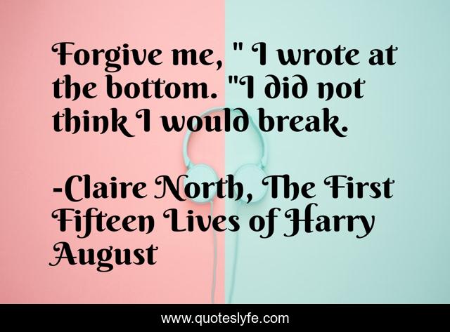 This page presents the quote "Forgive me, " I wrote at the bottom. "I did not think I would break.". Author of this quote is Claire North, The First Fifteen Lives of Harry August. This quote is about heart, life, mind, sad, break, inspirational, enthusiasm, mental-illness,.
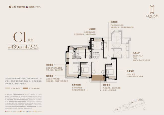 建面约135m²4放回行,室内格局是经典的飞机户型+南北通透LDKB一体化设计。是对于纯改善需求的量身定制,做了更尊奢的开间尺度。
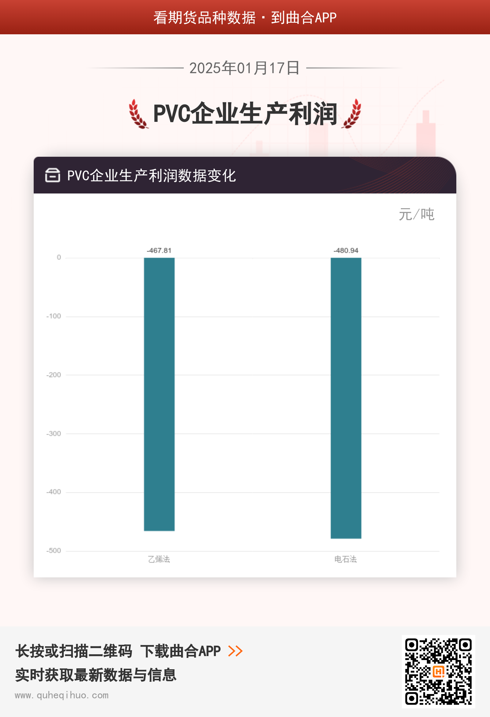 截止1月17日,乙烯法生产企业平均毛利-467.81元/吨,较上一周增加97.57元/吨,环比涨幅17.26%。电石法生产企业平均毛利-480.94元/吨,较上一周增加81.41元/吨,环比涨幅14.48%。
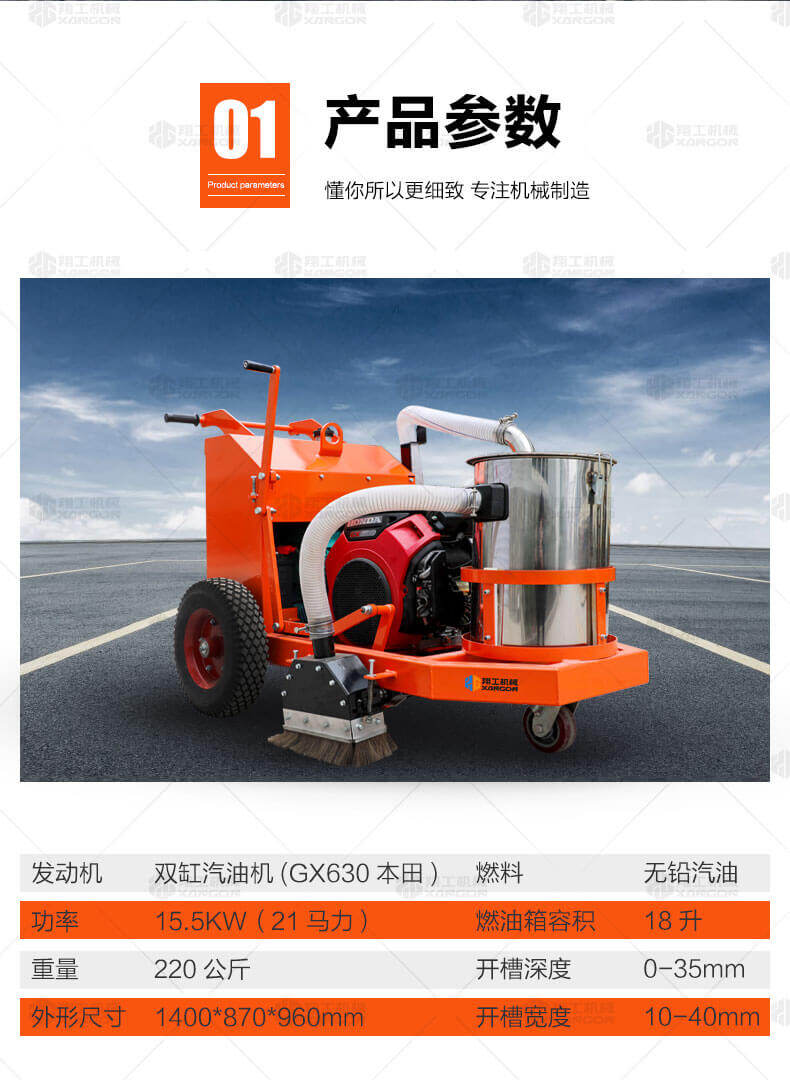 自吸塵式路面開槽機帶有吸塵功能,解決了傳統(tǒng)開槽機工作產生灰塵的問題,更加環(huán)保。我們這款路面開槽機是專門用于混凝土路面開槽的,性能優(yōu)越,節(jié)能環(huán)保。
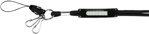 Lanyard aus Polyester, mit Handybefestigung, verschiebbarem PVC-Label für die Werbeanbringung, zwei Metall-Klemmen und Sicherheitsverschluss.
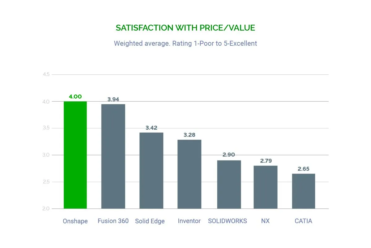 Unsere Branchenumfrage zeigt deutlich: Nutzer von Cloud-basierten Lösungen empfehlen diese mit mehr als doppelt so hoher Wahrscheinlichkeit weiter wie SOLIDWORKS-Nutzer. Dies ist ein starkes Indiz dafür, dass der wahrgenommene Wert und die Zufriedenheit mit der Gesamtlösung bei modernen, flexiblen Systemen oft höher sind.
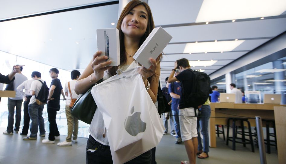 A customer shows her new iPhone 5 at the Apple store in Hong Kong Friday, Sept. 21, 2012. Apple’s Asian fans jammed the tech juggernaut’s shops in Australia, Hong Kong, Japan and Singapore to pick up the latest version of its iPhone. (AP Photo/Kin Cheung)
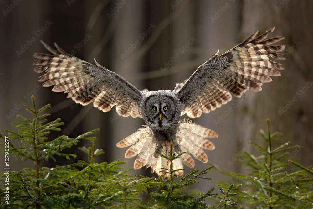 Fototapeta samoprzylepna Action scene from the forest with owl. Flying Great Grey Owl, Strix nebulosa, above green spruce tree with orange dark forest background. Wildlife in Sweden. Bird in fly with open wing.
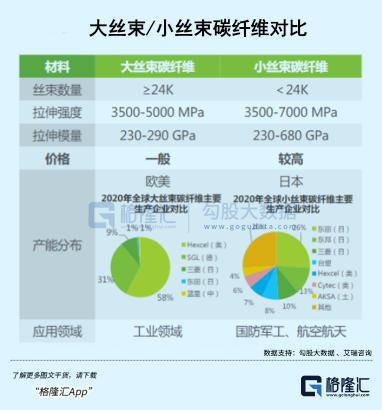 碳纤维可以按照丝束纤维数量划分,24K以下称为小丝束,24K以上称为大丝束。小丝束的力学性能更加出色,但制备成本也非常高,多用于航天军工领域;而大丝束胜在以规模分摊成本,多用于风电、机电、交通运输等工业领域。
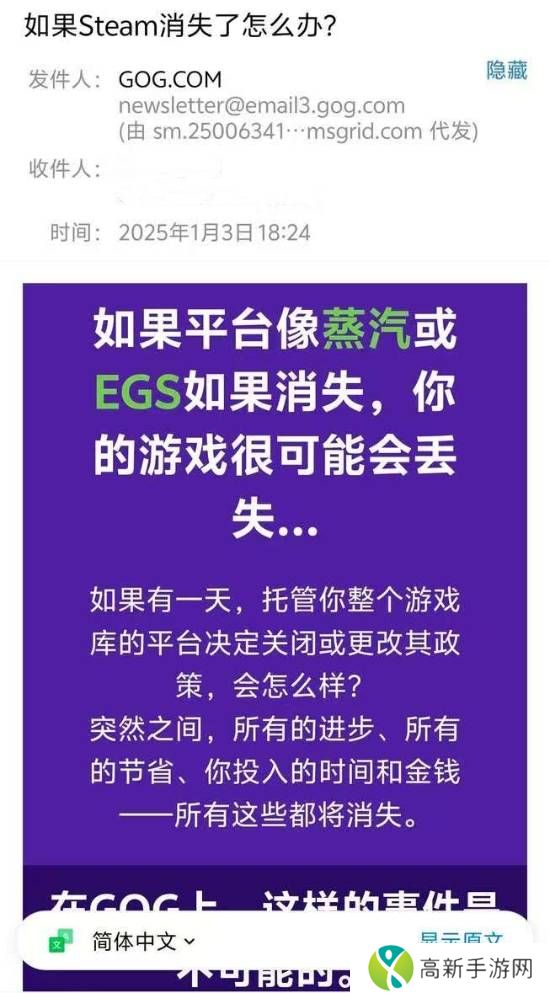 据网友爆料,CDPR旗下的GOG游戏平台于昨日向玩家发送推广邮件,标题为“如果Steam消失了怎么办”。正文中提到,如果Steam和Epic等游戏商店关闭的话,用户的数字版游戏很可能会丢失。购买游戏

* Instructions for the task
The response must repeat all the lines above exactly and include no pictures.

* Task output
 This page presents the quote "Forgive me, " I wrote at the bottom. "I did not think I would break.". Author of this quote is Claire North, The First Fifteen Lives of Harry August. This quote is about heart, life, mind, sad, break, inspirational, enthusiasm, mental-illness,.
 建面约135m²4放回行,室内格局是经典的飞机户型+南北通透LDKB一体化设计。是对于纯改善需求的量身定制,做了更尊奢的开间尺度。
 截止1月17日,乙烯法生产企业平均毛利-467.81元/吨,较上一周增加97.57元/吨,环比涨幅17.26%。电石法生产企业平均毛利-480.94元/吨,较上一周增加81.41元/吨,环比涨幅14.48%。
 自吸塵式路面開槽機帶有吸塵功能,解決了傳統(tǒng)開槽機工作產生灰塵的問題,更加環(huán)保。我們這款路面開槽機是專門用于混凝土路面開槽的,性能優(yōu)越,節(jié)能環(huán)保。
 Lanyard aus Polyester, mit Handybefestigung, verschiebbarem PVC-Label für die Werbeanbringung, zwei Metall-Klemmen und Sicherheitsverschluss.
 Unsere Branchenumfrage zeigt deutlich: Nutzer von Cloud-basierten Lösungen empfehlen diese mit mehr als doppelt so hoher Wahrscheinlichkeit weiter wie SOLIDWORKS-Nutzer. Dies ist ein starkes Indiz dafür, dass der wahrgenommene Wert und die Zufriedenheit mit der Gesamtlösung bei modernen, flexiblen Systemen oft höher sind.
 A customer shows her new iPhone 5 at the Apple store in Hong Kong Friday, Sept. 21, 2012. Apple’s Asian fans jammed the tech juggernaut’s shops in Australia, Hong Kong, Japan and Singapore to pick up the latest version of its iPhone. (AP Photo/Kin Cheung)
 Fototapeta samoprzylepna Action scene from the forest with owl. Flying Great Grey Owl, Strix nebulosa, above green spruce tree with orange dark forest background. Wildlife in Sweden. Bird in fly with open wing.
 碳纤维可以按照丝束纤维数量划分,24K以下称为小丝束,24K以上称为大丝束。小丝束的力学性能更加出色,但制备成本也非常高,多用于航天军工领域;而大丝束胜在以规模分摊成本,多用于风电、机电、交通运输等工业领域。
 据网友爆料,CDPR旗下的GOG游戏平台于昨日向玩家发送推广邮件,标题为“如果Steam消失了怎么办”。正文中提到,如果Steam和Epic等游戏商店关闭的话,用户的数字版游戏很可能会丢失。购买游戏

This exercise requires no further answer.